- Problem description
Every line of the listing is returned unchanged, and every picture is dropped.

- Collected material
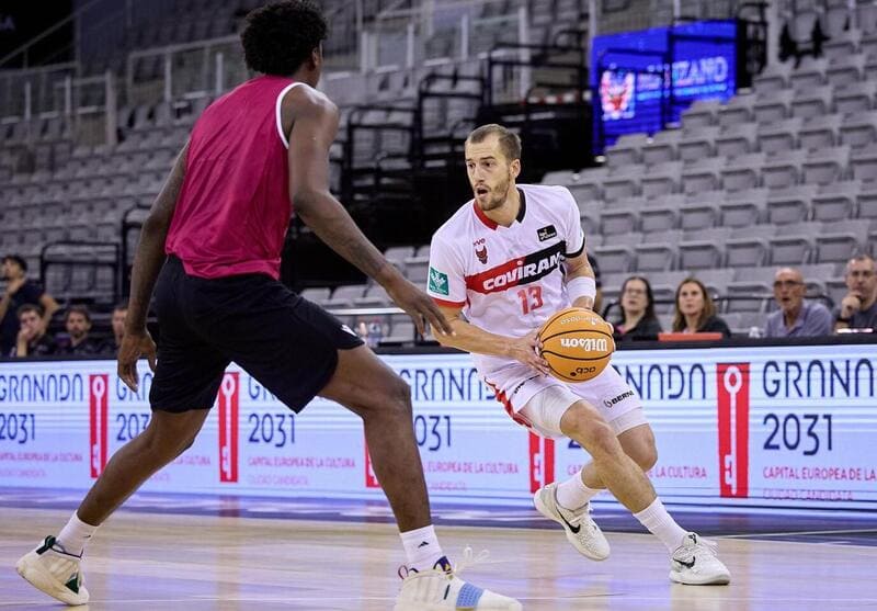 Coviran Granada: Micah Speight 14, Matt Thomas 25, Travis Munnings 9, Luka Bozic 7 y Zach Hankins 10 – quinteto titular – Jonathan Rousselle 8, Babatunde Olumuyiwa 4, Iván Aurrecoechea 7, Edu Durán 11, Jovan Kljajic 17 y Khalifa Gaye 0.
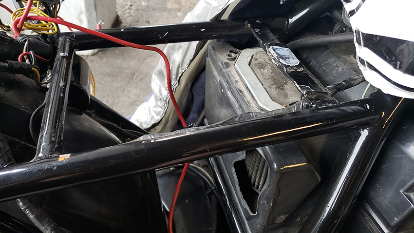 It's shoved between the fender, the frame and the ignition container and taped the with electrical tape. Just to get that tape out of the way wasn't easy!
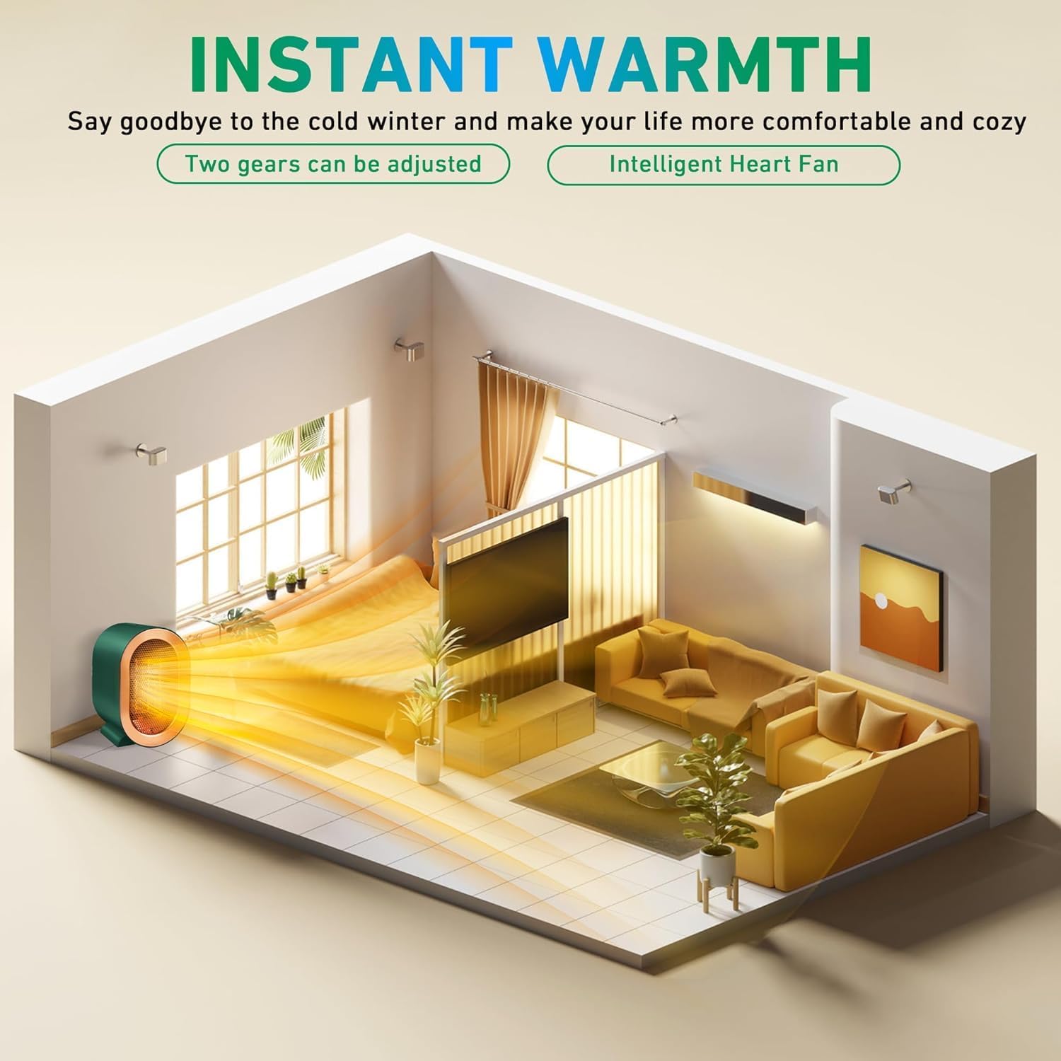 🔥【1200W Fast Heating】 This fan heater uses advanced ceramic heating technology and is equipped with PTC heating sheets and aluminum sheets. Compared with traditional electric heaters, it has the characteristics of long-lasting constant temperature output, more even heat dissipation, and faster heating speed. 3 seconds It heats up quickly and emits surprisingly powerful heat, effectively helping you resist the cold in winter.

- Answer section
 Coviran Granada: Micah Speight 14, Matt Thomas 25, Travis Munnings 9, Luka Bozic 7 y Zach Hankins 10 – quinteto titular – Jonathan Rousselle 8, Babatunde Olumuyiwa 4, Iván Aurrecoechea 7, Edu Durán 11, Jovan Kljajic 17 y Khalifa Gaye 0.
 It's shoved between the fender, the frame and the ignition container and taped the with electrical tape. Just to get that tape out of the way wasn't easy!
 🔥【1200W Fast Heating】 This fan heater uses advanced ceramic heating technology and is equipped with PTC heating sheets and aluminum sheets. Compared with traditional electric heaters, it has the characteristics of long-lasting constant temperature output, more even heat dissipation, and faster heating speed. 3 seconds It heats up quickly and emits surprisingly powerful heat, effectively helping you resist the cold in winter.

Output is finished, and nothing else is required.